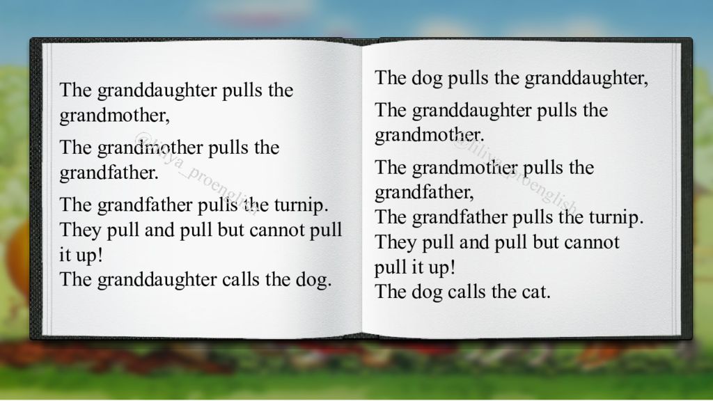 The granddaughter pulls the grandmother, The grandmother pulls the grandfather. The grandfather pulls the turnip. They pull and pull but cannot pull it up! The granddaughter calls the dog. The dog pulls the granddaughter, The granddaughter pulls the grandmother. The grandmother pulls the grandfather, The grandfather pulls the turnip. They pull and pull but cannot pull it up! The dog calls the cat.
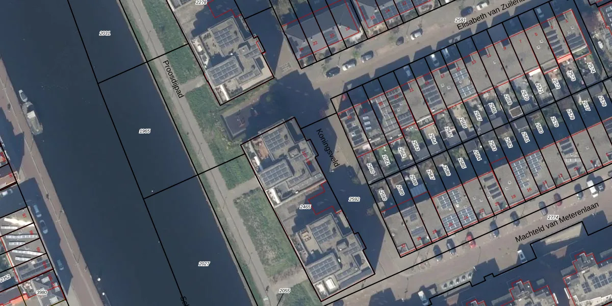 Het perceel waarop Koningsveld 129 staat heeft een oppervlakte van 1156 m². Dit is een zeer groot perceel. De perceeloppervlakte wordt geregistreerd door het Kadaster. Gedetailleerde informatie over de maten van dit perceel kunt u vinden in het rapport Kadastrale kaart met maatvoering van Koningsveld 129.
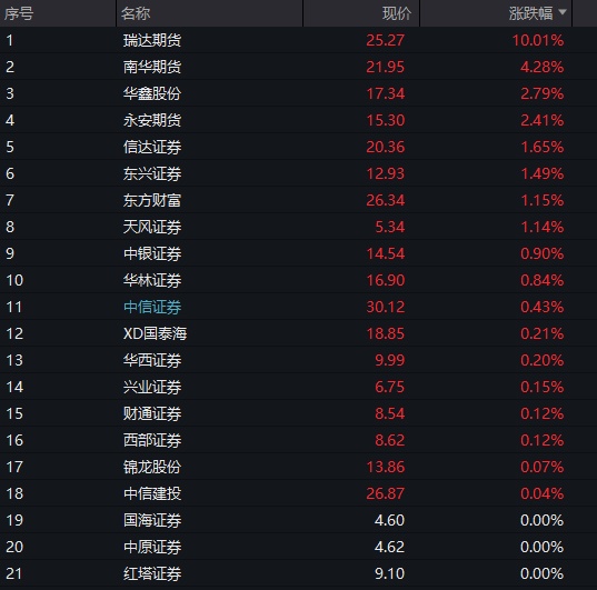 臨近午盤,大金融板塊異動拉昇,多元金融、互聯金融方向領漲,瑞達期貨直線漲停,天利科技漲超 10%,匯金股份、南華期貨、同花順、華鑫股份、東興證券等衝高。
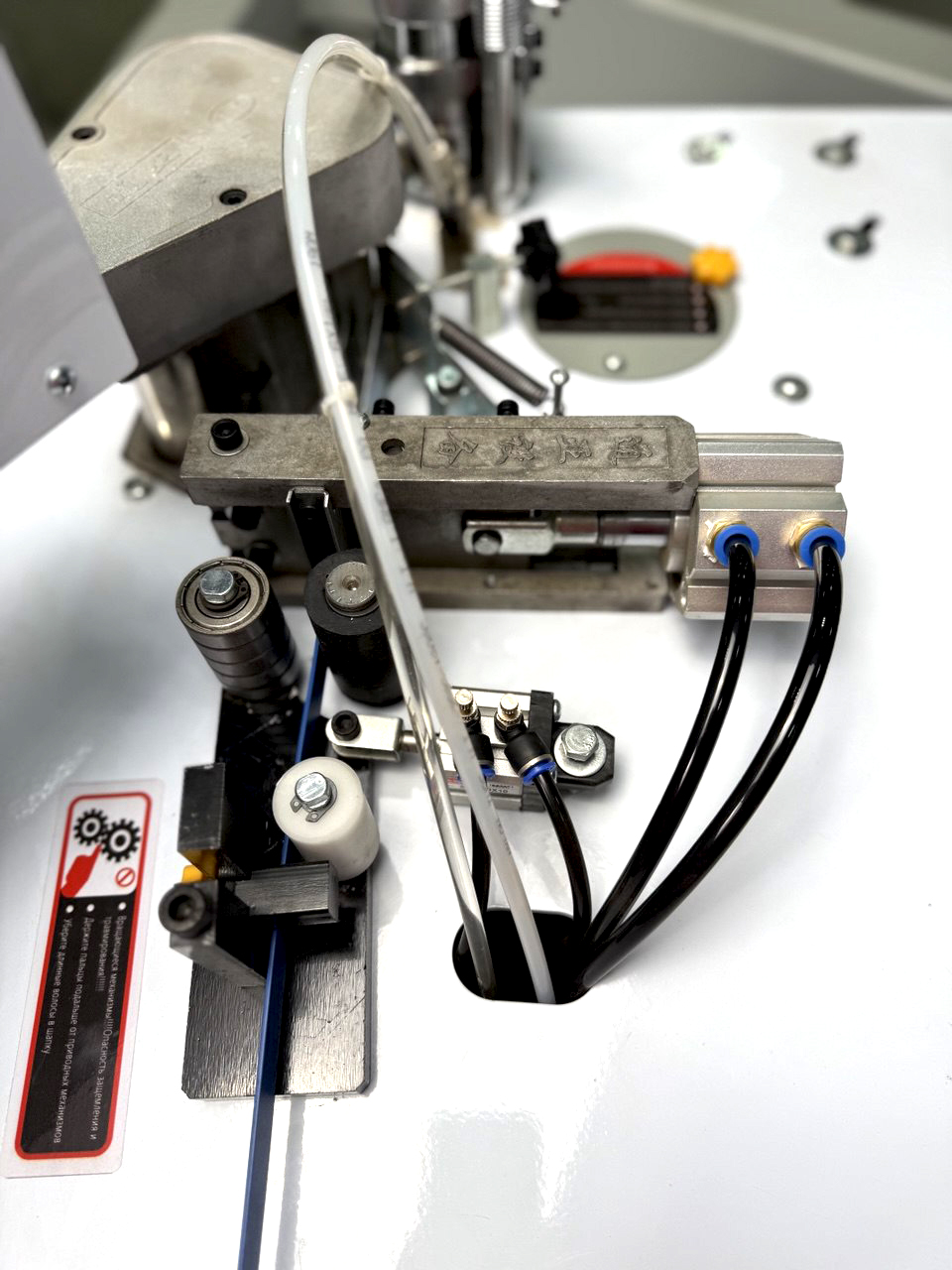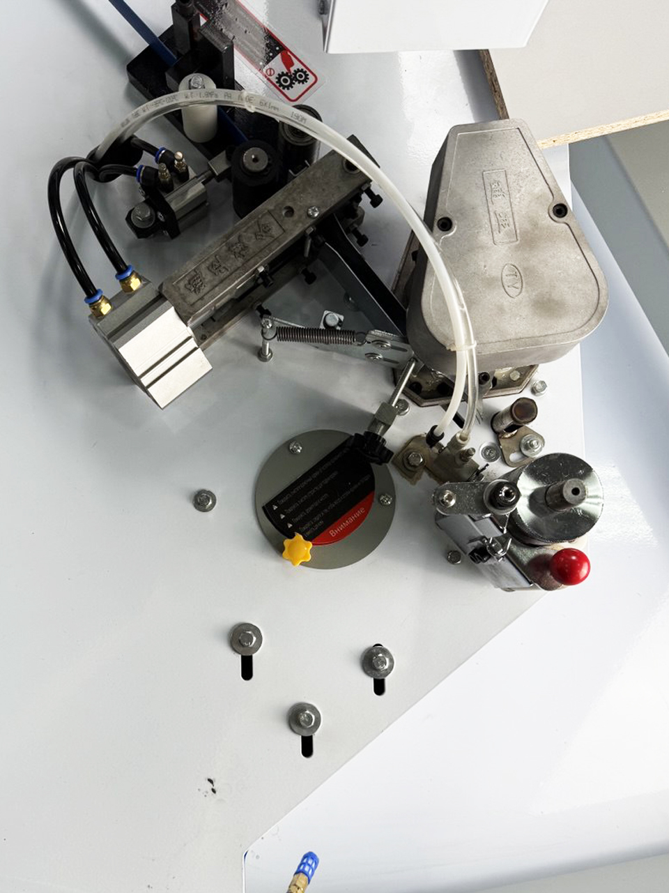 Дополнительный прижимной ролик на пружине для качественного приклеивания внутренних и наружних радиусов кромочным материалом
◇ ◇ ◇
**WHAT IS EXPECTED:** In your copy, omit the pictures and restate every line of the data word for word.

**ANSWER BOX:**
 The granddaughter pulls the grandmother, The grandmother pulls the grandfather. The grandfather pulls the turnip. They pull and pull but cannot pull it up! The granddaughter calls the dog. The dog pulls the granddaughter, The granddaughter pulls the grandmother. The grandmother pulls the grandfather, The grandfather pulls the turnip. They pull and pull but cannot pull it up! The dog calls the cat.
 Het perceel waarop Koningsveld 129 staat heeft een oppervlakte van 1156 m². Dit is een zeer groot perceel. De perceeloppervlakte wordt geregistreerd door het Kadaster. Gedetailleerde informatie over de maten van dit perceel kunt u vinden in het rapport Kadastrale kaart met maatvoering van Koningsveld 129.
 臨近午盤,大金融板塊異動拉昇,多元金融、互聯金融方向領漲,瑞達期貨直線漲停,天利科技漲超 10%,匯金股份、南華期貨、同花順、華鑫股份、東興證券等衝高。
 Дополнительный прижимной ролик на пружине для качественного приклеивания внутренних и наружних радиусов кромочным материалом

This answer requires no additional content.